At age 16, the First World War led him to move to the city of Gyor where he studied at a yeshiva. From there he moved to study for about two years at the yeshiva in the Satoralya-Uihey community until he arrived in 1925 at the Yeshiva of Pressburg (Bratislava), the yeshiva founded by [Hatam Sofer] and which was headed by his descendants.

After about two and a half years of studying in this yeshiva, he felt a certain saturation in studying the Talmud and sought to also acquire a general education, reading literature such as the works of Friedrich Schiller, Theodore Herzl, and Ahad Ha'am.

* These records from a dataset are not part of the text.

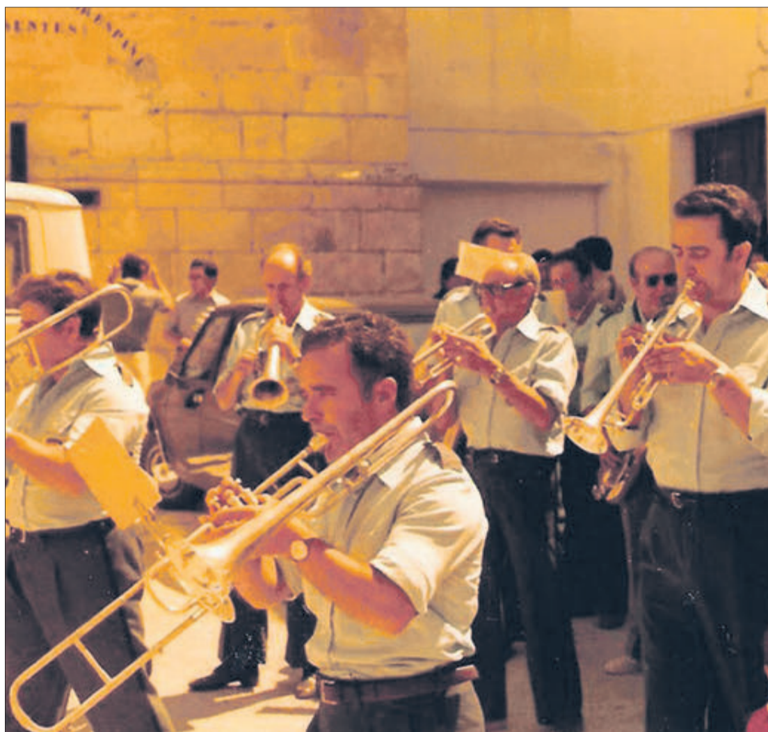
Músics de la banda, durant unes festes.
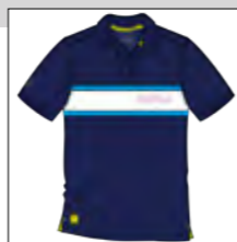
RF 547 night blue ID: 19736

Style description: Polo Pique 1/2 sleeve with 3 stripe chest inset and high density print on center stripe inset, right sleeve badge
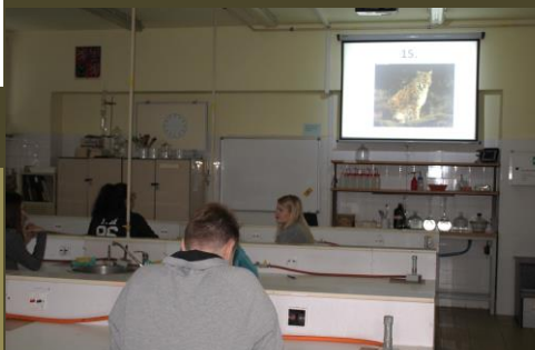
„Poznávka“ živočichů – vždyť to je rys ostrovid!
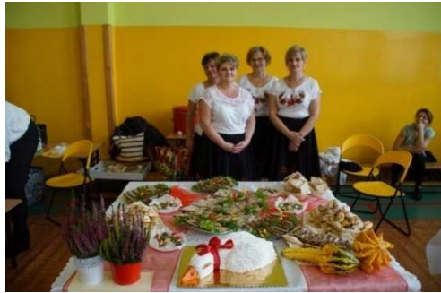
Zdjęcie 19 Święto Niepodległości 2021
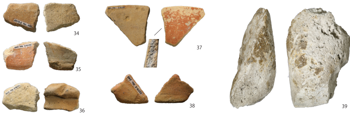
PL. 4 2019-2 H1 出土遺物 (2)
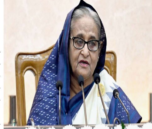
राजधानी ढाकाको एक उपनगरमा आकर्षक

बंगलादेशको एक अदालतले पूर्वप्रधानमन्त्री शेख हसिना र संयुक्त राष्ट्रसंघको उच्च अधिकारीका रूपमा काम गरिसकेकी उनकी छोरीसहितको परिवारविरुद्ध भ्रष्टाचार विरोधी संस्थाले दायर गरेको मुद्दामाथि सोमबार सुनुवाई गरेको छ। सुनुवाईका क्रममा भ्रष्टाचार निरोधी आयोग (एसीसी) का तीन जना अधिकारीहरूले
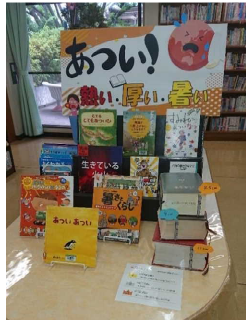
8月 )あつい！ 熱い厚い暑い
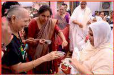
તપસ્વી પૂજ્યશ્રીને ઘસુરસ ચી પારણું
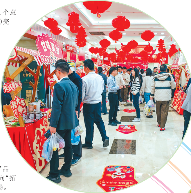
2025年1月,“甘味”农产品进入中国农业银行总行年货盛宴。

走出去,请进来。甘肃在全国各地强力开展品牌营销,扩大“甘味”品牌推广覆盖面,同时邀请客商来甘洽谈对接,展示具有浓郁陇原特色“乡味”的“甘味”品牌。
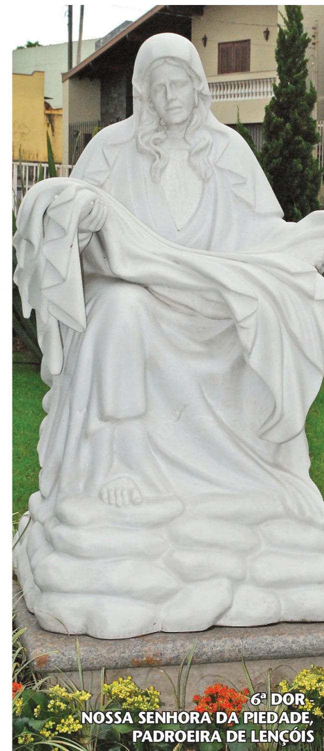
6ª DOR – NOSSA SENHORA DA PIEDADE, PADROEIRA DE LENÇÓIS É uma representação da imagem de Michelangelo, a Pietà (em português Pietade), uma das mais famosas esculturas do artista, porém em vez de ter o corpo morto de Jesus, Nossa Senhora segura um lençol. É possível notar que em nenhuma imagem temos a representação de Jesus. Isso porque aquilo que Maria realizou com Jesus na sua vida terrena é exatamente aquilo que ela realiza conosco hoje. É Maria quem amparou Jesus morto em seus braços, e hoje é ela quem ampara todos nós em nossos momentos de dificuldades, em nossos momentos de dor. Aquele lençol nos braços da virgem Maria representa que um dia o colo de Maria sustentou Jesus, hoje o colo de Maria nos sustenta.
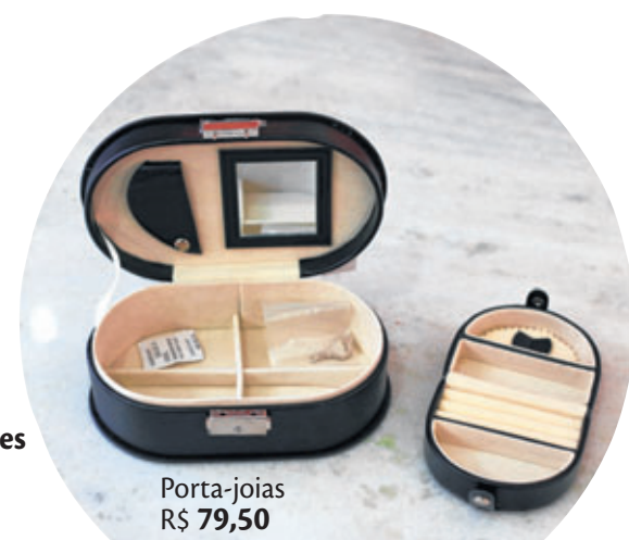
Porta-joias R$ 79,50
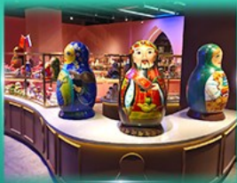
พิพิธภัณฑ์ ตุ๊กตาเป่ลุดก
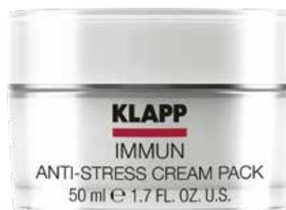
ANTI-STRESS CREAM PACK МАСКА КРЕМОВА «АНТИСТРЕС» Код 1703. Об'єм: 50 мл

Крем легкої консистенції для догляду за чутливою шкірою, схильної до куперозу. Прискорює мікроциркуляцію, зміцнює стінки судин та справляє дренажний ефект. Відновлює водно-ліпідний баланс епідермісу, глибоко зволожує, усуває подразнення шкіри, має антибактеріальні та вологоутримуючі властивості, нейтралізує вільні радикали, освітлює та оздоровлює шкіру.
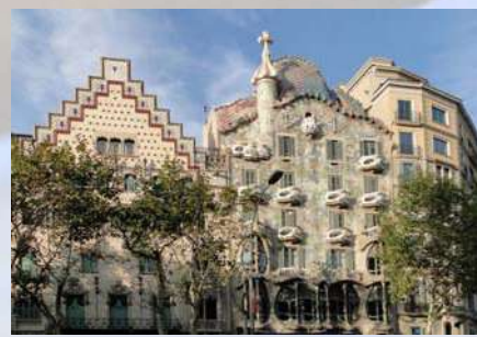
Casa Batlló (Barcelona)

In 1927 he wrote his first article for the Orthodox newspaper from Budapest - Zsido Ujsag, protesting a community judge who told Hungarian Jews stay away from Zionist or quasi-Zionist activities. The article was copied by the Zionist newspaper of Hungary, Zsido Szemle, who praised the rural Jew who showed a deeper understanding of the needs of the times than the leaders of Orthodoxy, and Katz was asked by the editor to continue writing articles. In Bratislava, Katz identified with the speeches of Rabbi Meir Berlin (Bar-Ilan), Nahum Sokolov And Ze'ev Jabotinsky, seeing the building of Israel as the primary task of the generation.

In the spring of 1928, he arrived in Frankfurt for the yeshiva "Adat Yeshuron", which at the time was headed by Yosef Breuer, one of the sons of the yeshiva's founder Shlomo Breuer. While studying there he also studied for and passed an entrance exam enabling him to study at the University of Frankfurt.

In the spring of 1934, he submitted his Doctoral Thesis on the subject of the assimilation of German Jews. For his livelihood he was engaged in giving private lessons in Judaism/Talmud to members of Rabbi Breuer's family and others and under these circumstances he met his future wife Gerti-Bina nee Birnbaum whom he married in Jerusalem in 1936. However, before immigrating to mandate Palestine, he spent a year in London to improve his English.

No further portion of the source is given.